Прежде казахи-кочевники очень боялись ее, считали, что она сильно ядовита и утверждали, будто змея эта быстра, как стрела, и способна, разогнавшись, пронзить насквозь даже верблюда. Кстати, название ее по-казахски «окджилан» — стрела-змея.
И больше никого. Пуста песчаная пустыня!
Впрочем, с невероятной быстротой промчался желтый, как песок, муравей-бегунок, какая-то муха носится над поверхностью бархана, да крохотная оса, размером не более трех миллиметров, светлая, с красноватым брюшком, мечется по песку, быстро потряхивая крыльями, увенчанными на вершине черными пятнами. Пробежит, остановится, замрет на секунду, молниеносными движениями ног выкопает маленькую ямку и вновь на розыски. Оса очень занята, до крайности деловита и необыкновенно тороплива.
Я с удивлением наблюдаю это совершенное творение пустыни и невольно задумываюсь над тем, откуда у нее, такой маленькой, неистощимый запас энергии Вокруг же никаких цветков, на которых можно было бы полакомиться нектаром, давно все выгорело. Думается, что организм, работающий в столь быстром темпе, должен вскоре истощить свои запасы. А ей — все нипочем. Может быть, насекомые способны каким-то способом использовать энергию солнечных лучей, превращая ее в движение? Пока что это предположение кажется фантастическим, но кто знает!..
На кого же охотится маленькая хищница, зачем выкапывает крошечные ямки? Наверное, ее добыча — личинка какого-то насекомого — находится в песке, возможно, на большой глубине. В поверхностных слоях нечего делать, песок сыпучий, сухой, без кореньев. Глубже он плотный, влажнее, там и корни растений, и жизнь. Но если так, то зачем копать ямки? Вероятно, оса снимает поверхностный слой песка не напрасно. Он мешает ее локатору разыскивать добычу; может быть, он, согретый солнцем, слишком горяч или еще чем-то мешает работать остро настроенному аппарату.
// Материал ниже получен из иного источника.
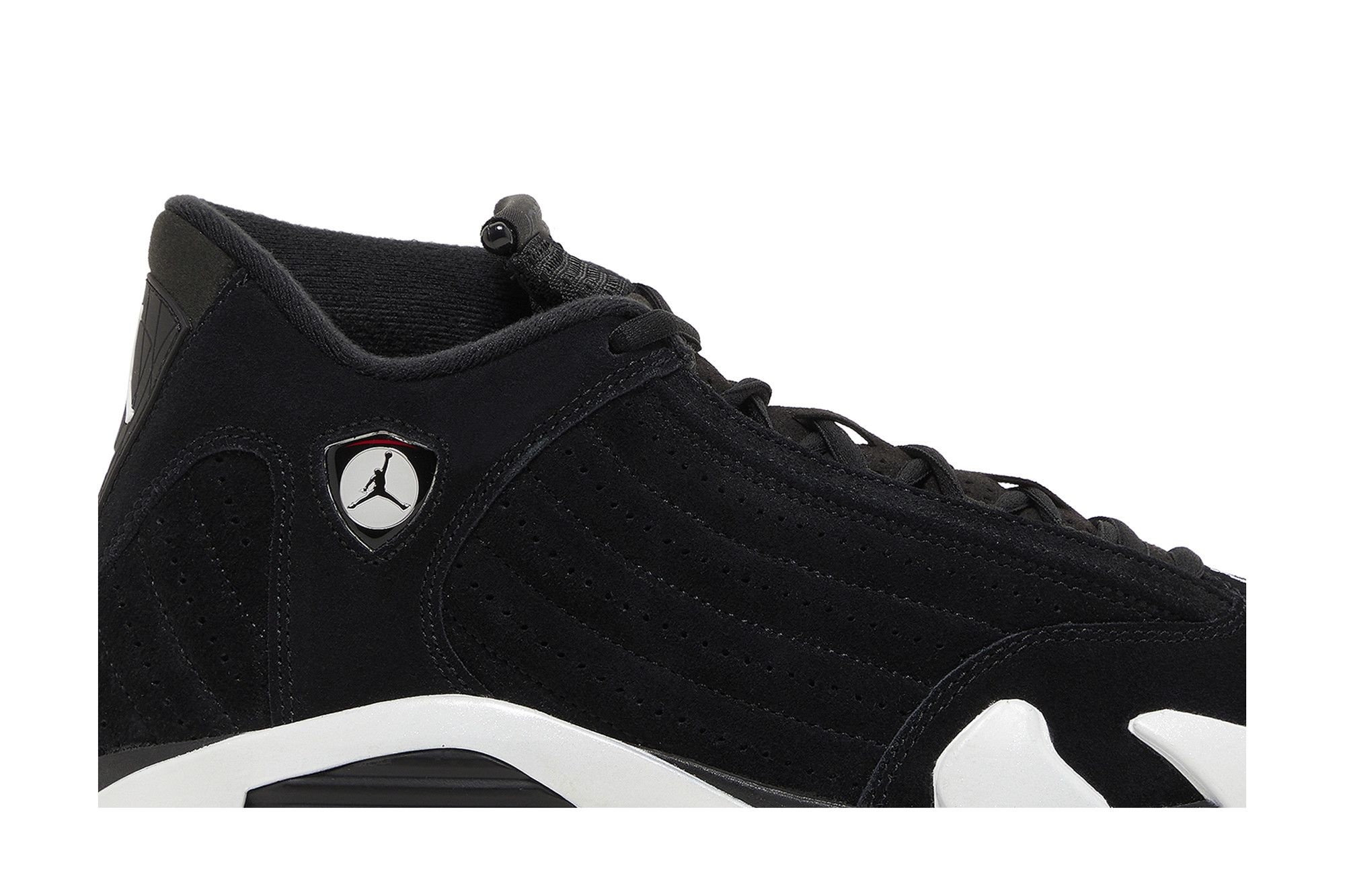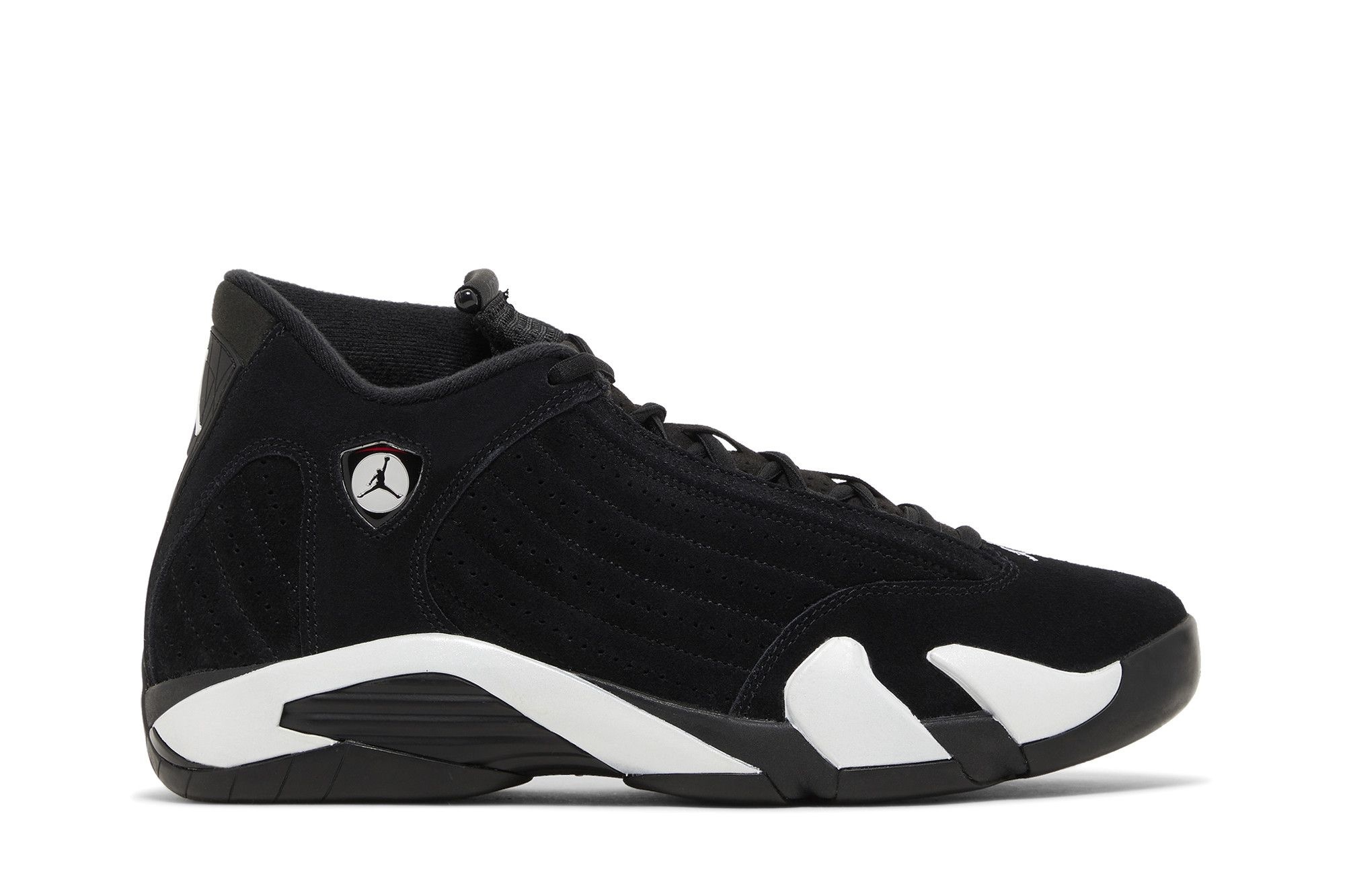 Crafted with premium leather and suede, the Jordan 14 Retro Last Shot boasts sleek, aerodynamic lines inspired by high-performance automobiles. The classic black and varsity red colourway is a nod to the Chicago Bulls, instantly recognisable and undeniably iconic. While eschewing the traditional Swoosh, the shoe proudly displays the Jumpman logo – a symbol of excellence and athletic achievement – in both red and black throughout the design, including the tongue and heel.
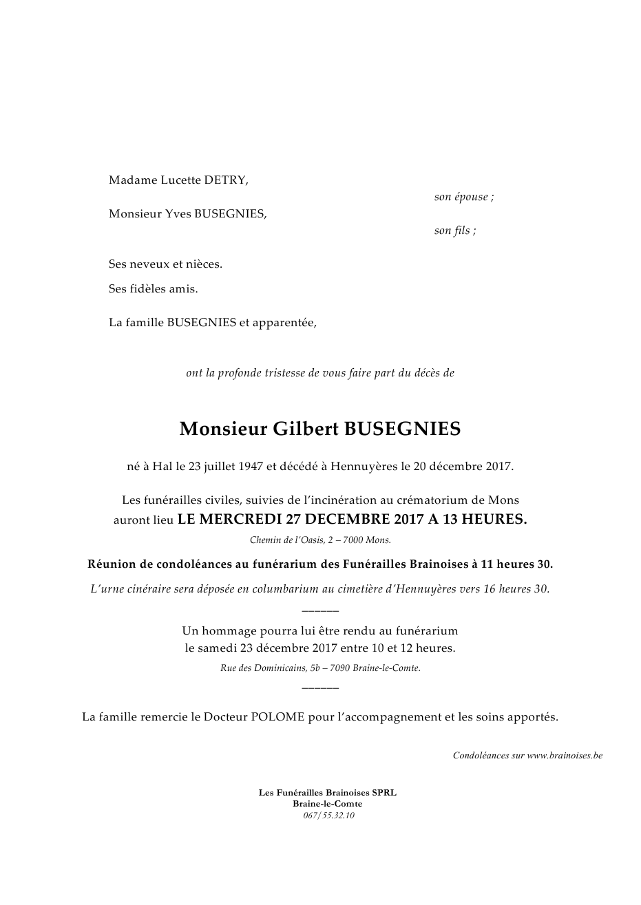 Décédé à Hennuyères (7090) le mercredi 20 décembre 2017 à l'âge de 70 ans
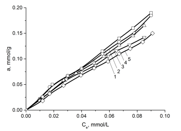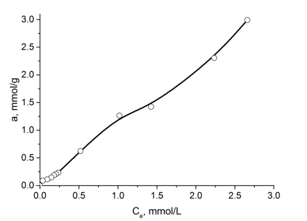 鍶離子的吸附平衡常數(shù)得出吸附平衡常數(shù)等于2,并且ΔG0值分別為0.5 kJ / mol。根據(jù)以前的數(shù)據(jù),活性炭吸附劑-H2O的水界面ΔG0等于2.3 kJ / mol。具有比溶劑(水)低的標(biāo)準(zhǔn)摩爾吸附微分自由能(ΔG0)的吸附劑無(wú)法將其從吸附劑表面(從其孔隙)中置換出來(lái),但是鍶離子在相對(duì)較高的平衡濃度下被吸附,其值這些離子的吸附量相當(dāng)大(圖1)。這種現(xiàn)象可以通過(guò)以下事實(shí)來(lái)解釋:在低平衡濃度下,鍶離子與活性炭的多孔結(jié)構(gòu)中的水分子相互作用,從而形成Sr(OH)+離子。活性炭微孔結(jié)構(gòu)中Sr(OH)+的形成和擴(kuò)散過(guò)程已有實(shí)驗(yàn)。在相對(duì)較高的平衡濃度下,水分子不會(huì)因與羧基(-COOH)以及與磷酸鹽和多磷酸鹽基團(tuán)(P = O,COP)相互作用而與活性炭結(jié)合的鍶離子置換。
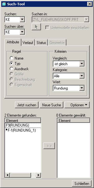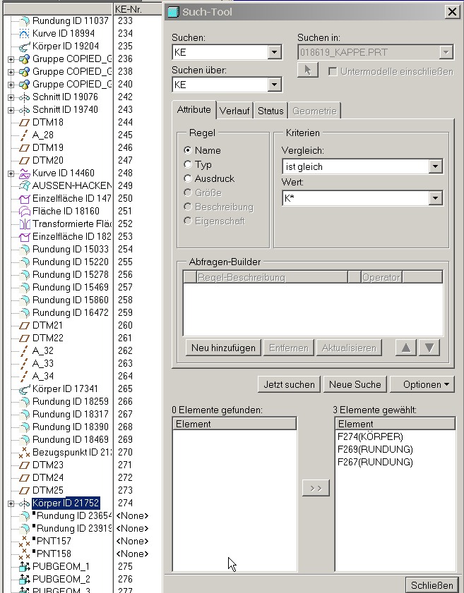 hallo, hast du im "Such-Tool"-Fenster bei "Optionen" auch "Unterdrückt" aktiviert? (Haken muss gesétzt sein?!) Gruss Jürgen Nachtrag: Die gefundenen Elemente werden nur im rechten Fenster angezeigt, sprich in dem Fenster für die gewählten(nicht gefundenen) Elemente. Aber es funktioniert definitiv auch mit Systemnahmen "Bohrung" "Koerper" usw. Event. gibt es ein Bug mit der neuen Benennung der Elemente, ich hatte es jetzt an einem Teil aus der Version 2002 in WF-2 getestet. ------------------ [Diese Nachricht wurde von war ich das etwa am 14. Apr. 2005 editiert.] Eine Antwort auf diesen Beitrag verfassen (mit Zitat/Zitat des Beitrags) IP |
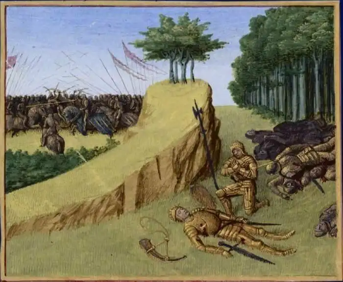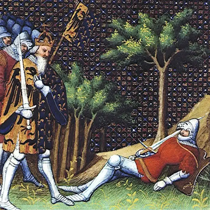 Гибель Роланда. Миниатюра Жана Фуке из рукописи «Больших Французских хроник». Середина XV века
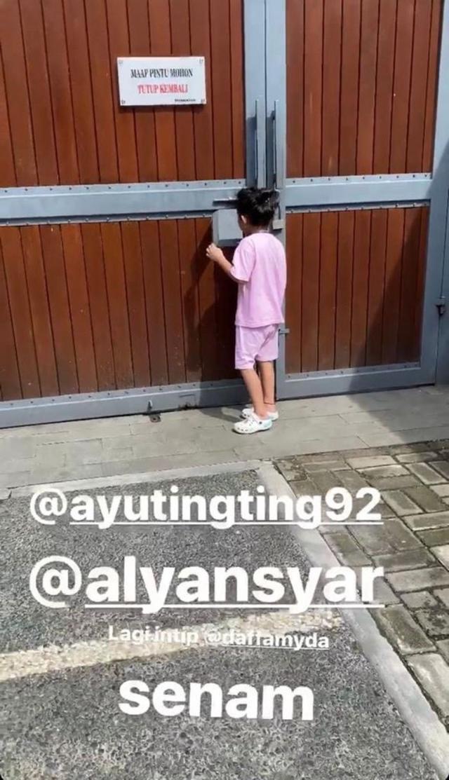 Tulisan tersebut tersorot kamera saat Ibunda Ayu Ting Ting, Umi Kalsum merekam cucunya, Bilqis sedang berjemur di depan rumah dan mengintip ke luar pagar beberapa waktu lalu.
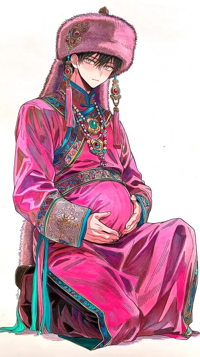 Midjourney Bot 更新时间:2026-01-19 00:18彩铅风格,一个怀孕俊美动漫男人,跪着地板上,跪着地上,动漫风格的绘画,高对比度,冷冽+古早风格+粉色皮毛御袍/旗袍+刺绣帽子+串珠+宝石+青铜器面具+三星堆灰白瞳+艳丽帅气+高大挺拔,强轮廓,look at viewer+青色系,手放在肚子上,坐在椅子上 --ar 9:16 --stylize 250 --niji 7 --no no
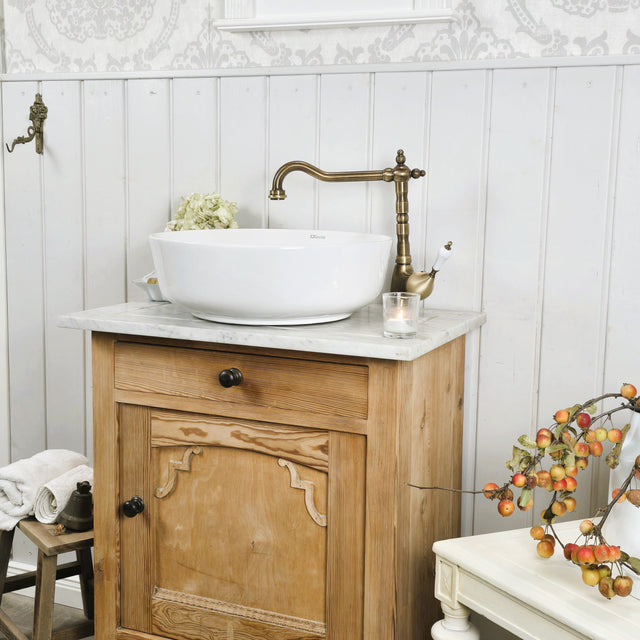Ein Waschtisch für die Seele- uriges Holz, markante Patina und romantische Dekore zaubern ein herrlich nostalgisches Ambiente, mit ländlicher Leichtigkeit ins Bad-Interieur. Der antike, dänische Waschtische in seinem markanten Holz-Ton wird zum Blickfang im Badezimmer. Auf der original Marmorplatte mit Wasserrille standen früher Schüssel und Krug zum Waschen- heute befindet sich dort die moderne Waschschüssel.
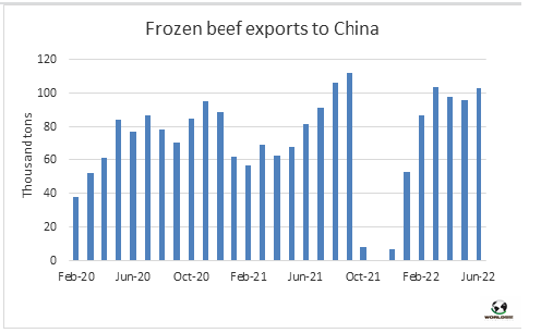 6月牛肉對(duì)中國(guó)出口量再次大幅增長(zhǎng)
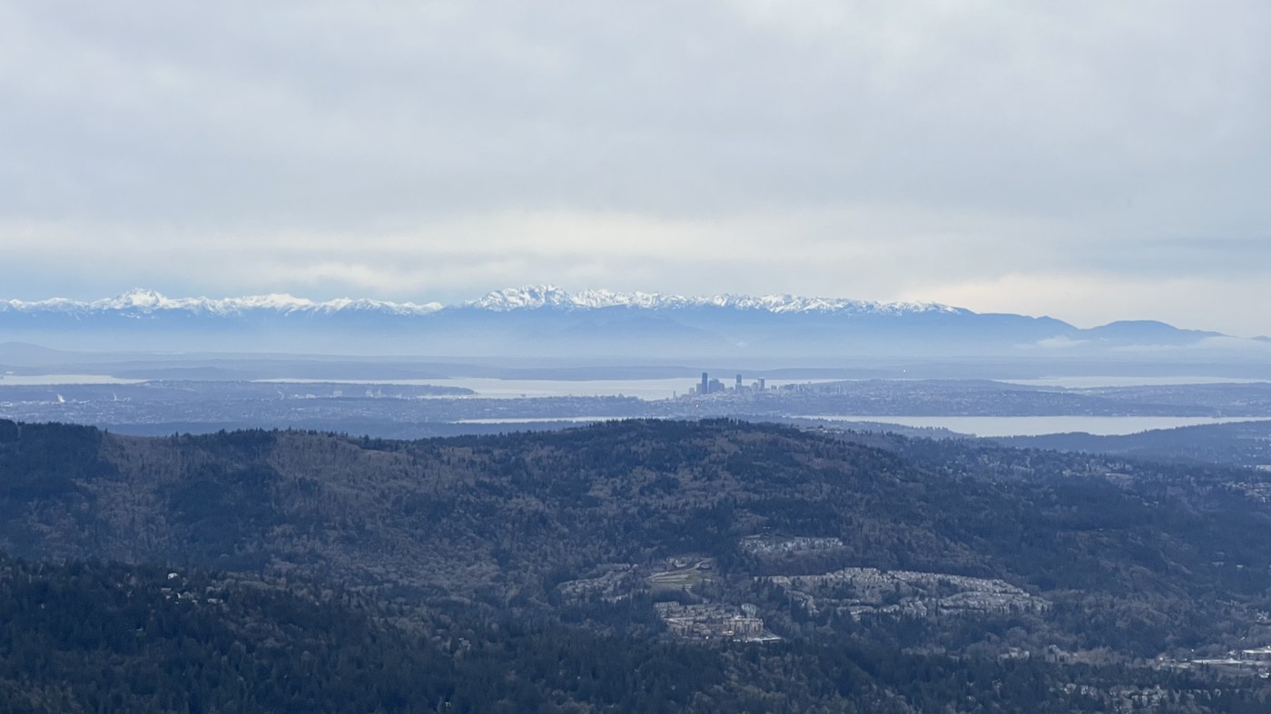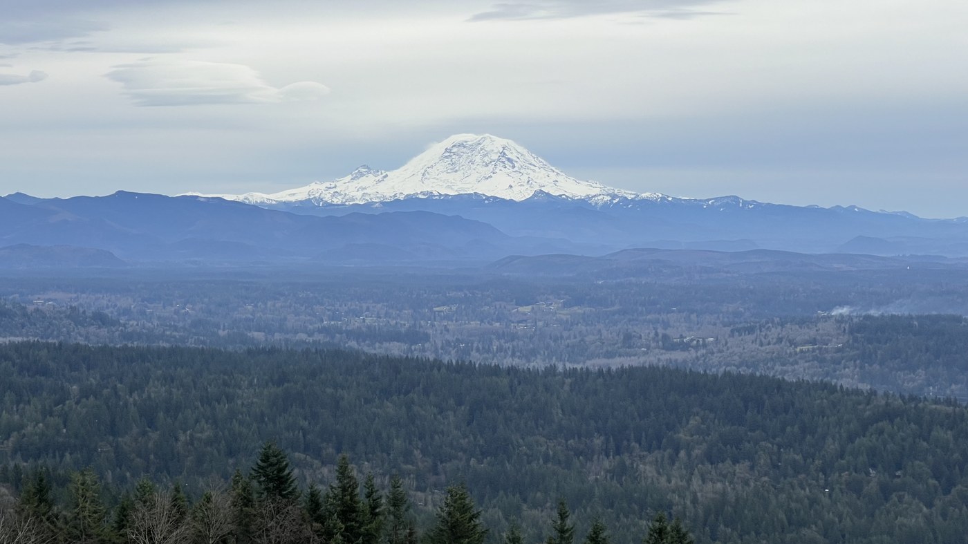 Good late afternoon-early evening hike up to West Tiger 2, starting at the Poo Poo Point- Chirico Trailhead. Many thanks to those who have cleared the many blowdowns on the Chirico Trail, One View, and the TMT. There is still a mess of blowdowns on the TMT just below the Dramatic Erratic below WT2. Trail crews have started on this section, as they have flagged a route through the many trees that are down.
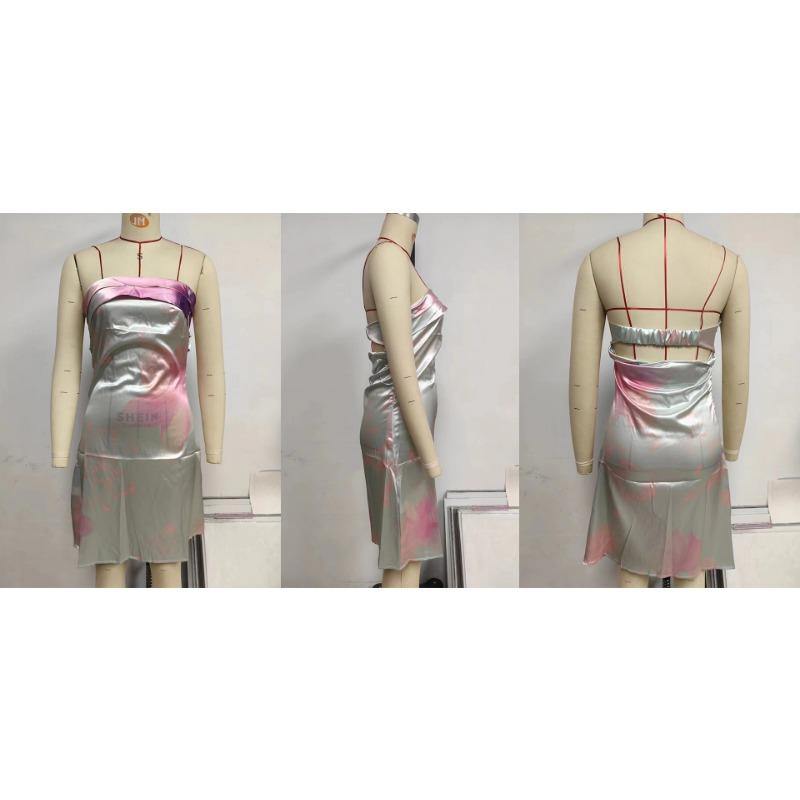 Женское летнее сексуальное короткое платье без бретелек с открытой спиной и цифровым принтом
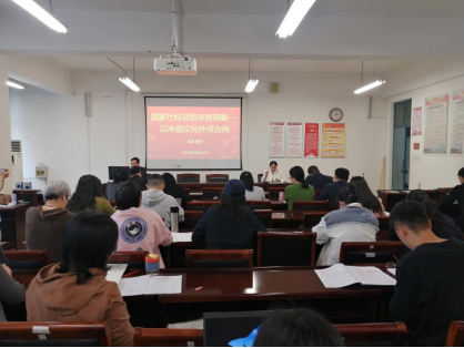 为提升教师国家社科基金项目申报能力,推动学科建设与学术研究发展,4月21日,国产va无马网站邀请外交学院武波教授开展“国家社科项目申报策略—以中国文化外译为例”专题报告,副院长杜丽霞主持,全体教师参会。
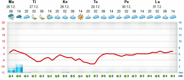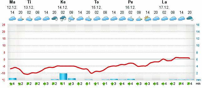 eteläisessäkään Suomessa keskipäivällä kuin alle seitsemän asteen

Течение мыслей человека часто идет по руслу, проделанному его предшествующим опытом, знаниями, полученными из книг, воспитанием. Иногда это проторенное русло оказывает плохую услугу, ведет к заблуждению. Может быть, и сейчас я ошибся. Невольно вспоминается маленькая пчелка, с которой я повстречался много лет назад во время путешествия по реке Или на складной байдарке. Пчелка устроила ячейки с медом, пергой и детками почти на голом бархане на глубине полуметра и добиралась до них, точно угадывая дорогу, через совершенно сыпучий песок, истоптанный нашими ногами.
Пока я вспоминаю все относящееся к подобному случаю, миниатюрная оса, по-прежнему беспрерывно размахивая крыльями, продолжает свои безудержные поиски, а я, не спуская с нее глаз, медленно хожу за ней.
Становится очень жарко. Песок раскалился, хочется пить, а больше всего угнетает то, что меня ждут спутники и моя задержка им основательно надоела. Я готов уже бросить наблюдения, но желание разгадать секрет маленькой осы держит меня в плену, и я не в силах оторваться от начатого дела.
Наконец терпение истощено, я готов отступить, бросить преследование очаровательной незнакомки, но она, будто сжалившись надо мной, внезапно резким рывком выбрасывает из песка что-то серенькое. Потом несколько секунд этот комочек трепещет на поверхности бархана.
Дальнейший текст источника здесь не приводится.